For some time now, ISIT has had a high-precision assembly system from the company FiconTec, whose capabilities in the areas of component handling and joining techniques allow for a wide range of applications.

This system, which is divided into two modules, allows microcomponents to be assembled with an accuracy of up to 0.6 µm. This precision is made possible by freely programmable image recognition and piezo motors. Unhoused laser diodes can be operated during the process to, among other things, precisely position collimating lenses in the beam path of the laser diodes (see Figure 1).

32 freely programmable axes and a variety of tools are available. These include suction cups and grippers (see Figure 2), and application-specific tools and carriers can also be implemented. An integrated touchdown sensor and a flipper allow components to be precisely picked, positioned and held during attachment in all angular positions. This is done either by means of a solder laser or by applying and irradiating UV-curing adhesive. Both variants can be carried out in-situ, since the corresponding devices are installed in the system and can be operated simultaneously with the positioning tool. A noteworthy feature of the laser is its ability to act on the solder joints through a substrate (silicon or glass) and thus solder individual components in a minimally invasive manner. The substrate is hardly heated, as it is transparent to the wavelength of the laser beam.

In the meantime, the components are fed to the second module, which uses a robotic arm to remove the required parts either from gel or waffle packs, or from a wafer, and delivers them to the main module via a transport carriage.

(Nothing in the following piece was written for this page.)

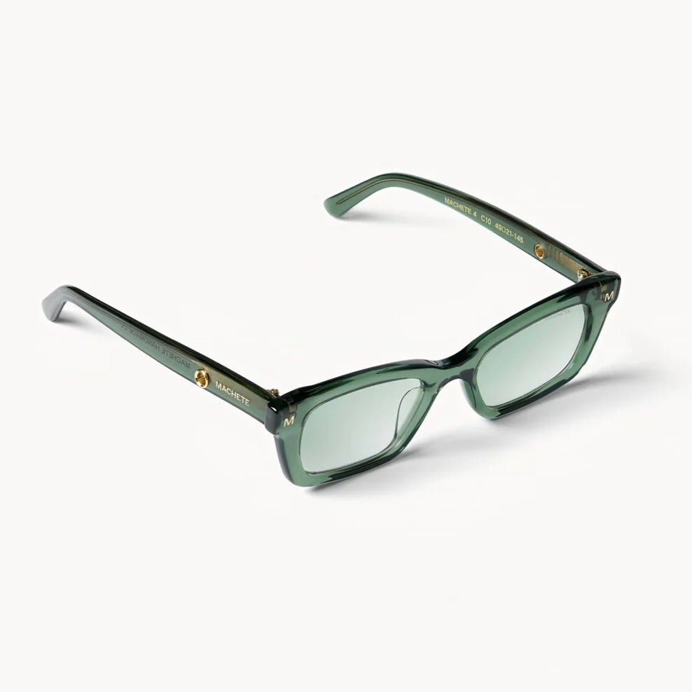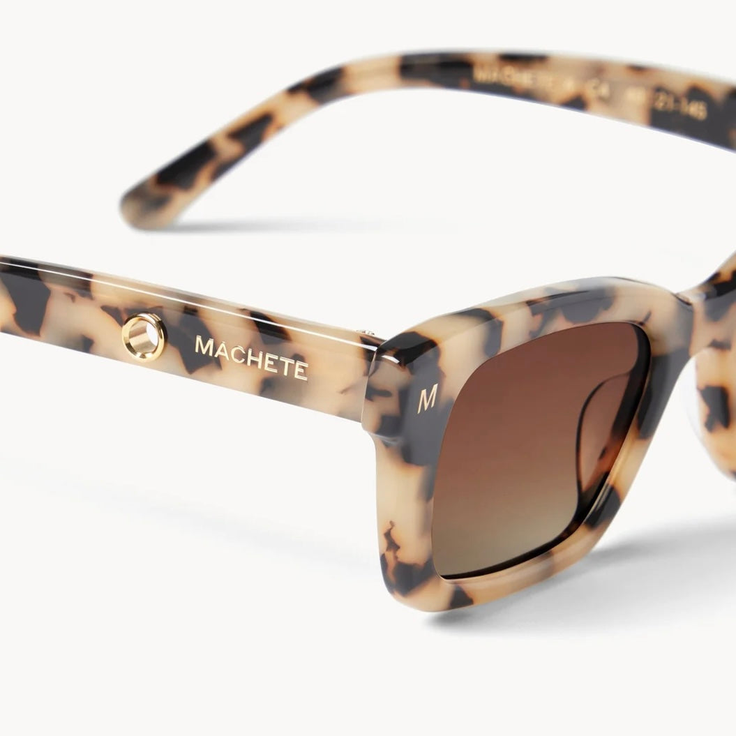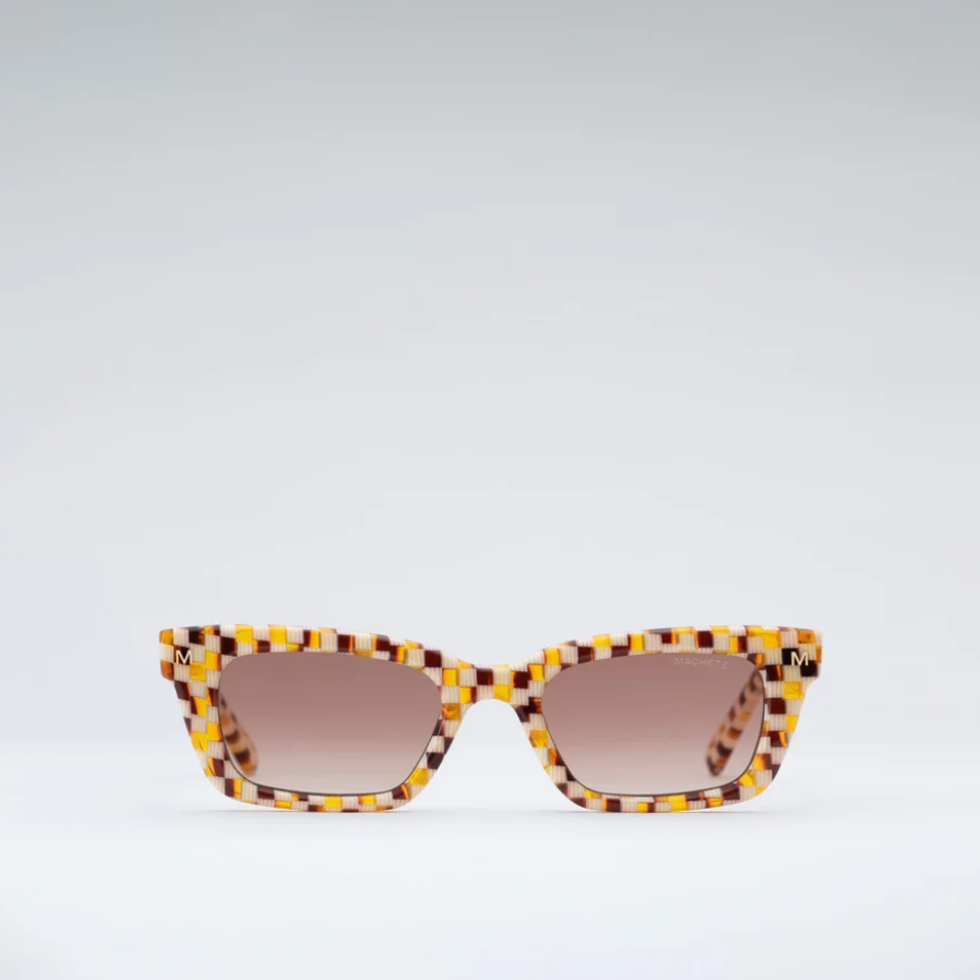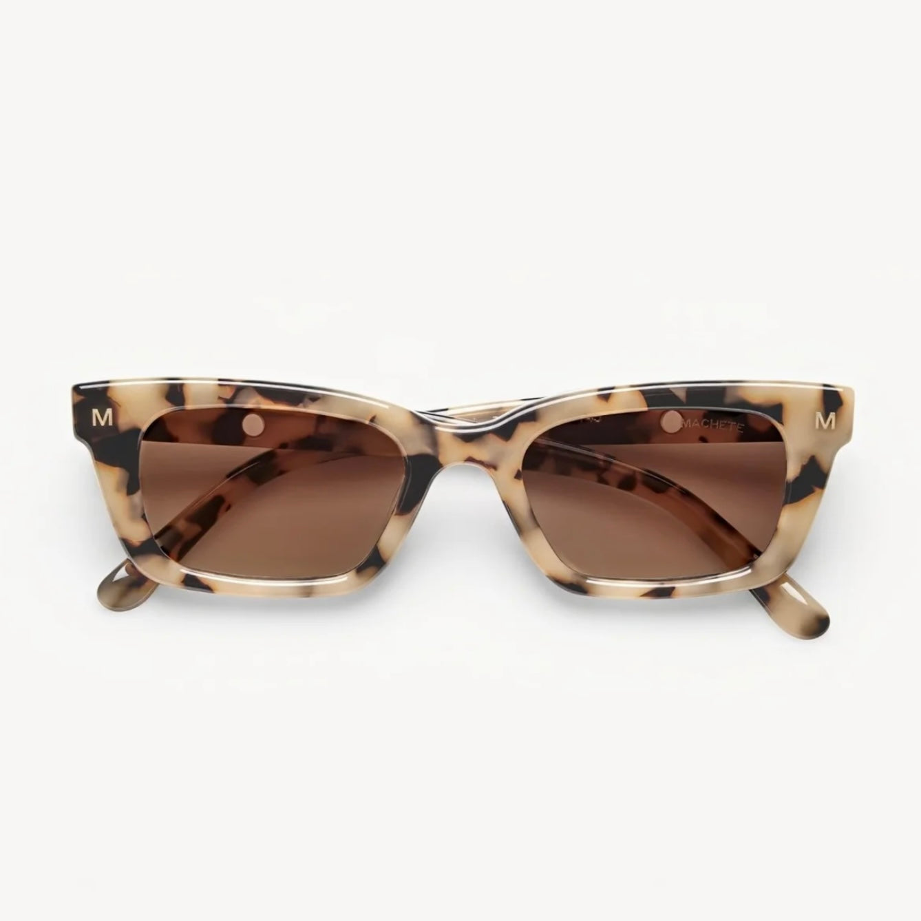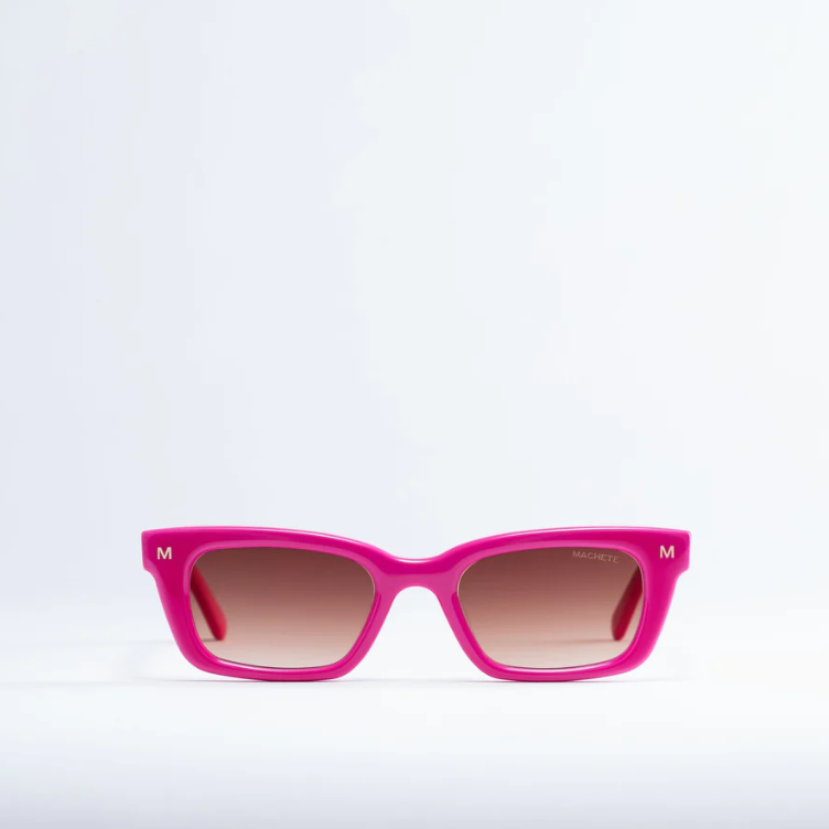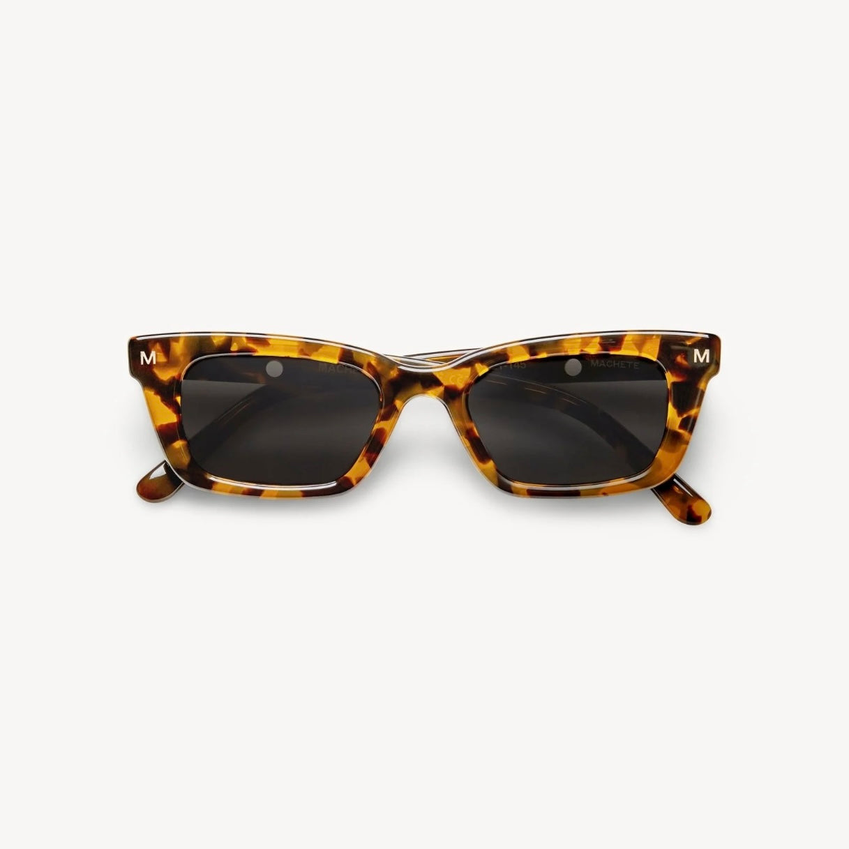 This ‘90s inspired rectangular frame in Machete’s signature show-stopping acetate brings the chic style of this iconic decade to the modern era. Handcrafted from the most environmentally friendly and highest-quality acetate on the market today to ensure your frames will not only last but be kind to the planet as well. A gold Machete logo, hardware as well as a ring for your eyeglass chain at the temples.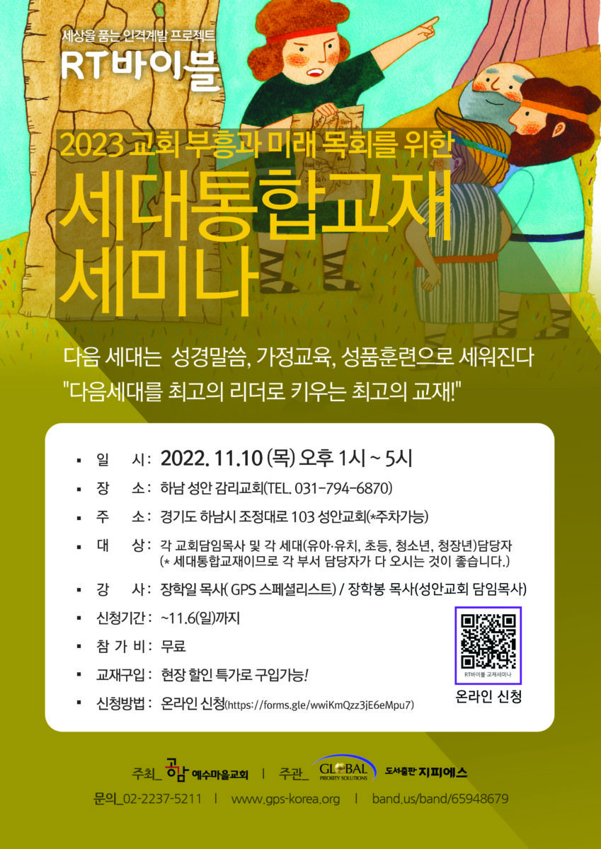 존경하는 장학일 목사님께서 수년동안 준비하신 [2023 교회부흥과 미래목회를 위한 '세대통합교재 RT바이블 세미나']가 있어 이를 소개합니다.

Application-specific tools can also be implemented for the second module.

• Die-Bonding
• Flip-chip bonding
• Wire bonding (modules and also on wafer level up to 300 mm Ø)
        o   Thin wire (Wedge-Wedge (aluminum wire) or Au-Ball Wedge)
        o   Thick wire (Wedge-Wedge)
        o   Ribbon bonds
• Hermetic wafer bonding    
        o    with cap wafers with optical interface made of glass or silicon
              (e.g. for infrared applications)    
        o    with backfill (possible with various gases) in order to create a 
              defined atmosphere and to protect sensitive components (such
              as laser diodes) from environmental influences.
  
• Soldering processes    
        o    reflow soldering
        o    Vapor phase soldering
  
• Wafer-level metrology
• Separation

ISIT combines this multitude of processes with the possibilities of wafer fabrication in ISIT's own clean room and thus enables the fabrication of e.g. silicon wafers as optical integration platforms with conductive tracks, solder pads, recesses, bond frames and V-grooves.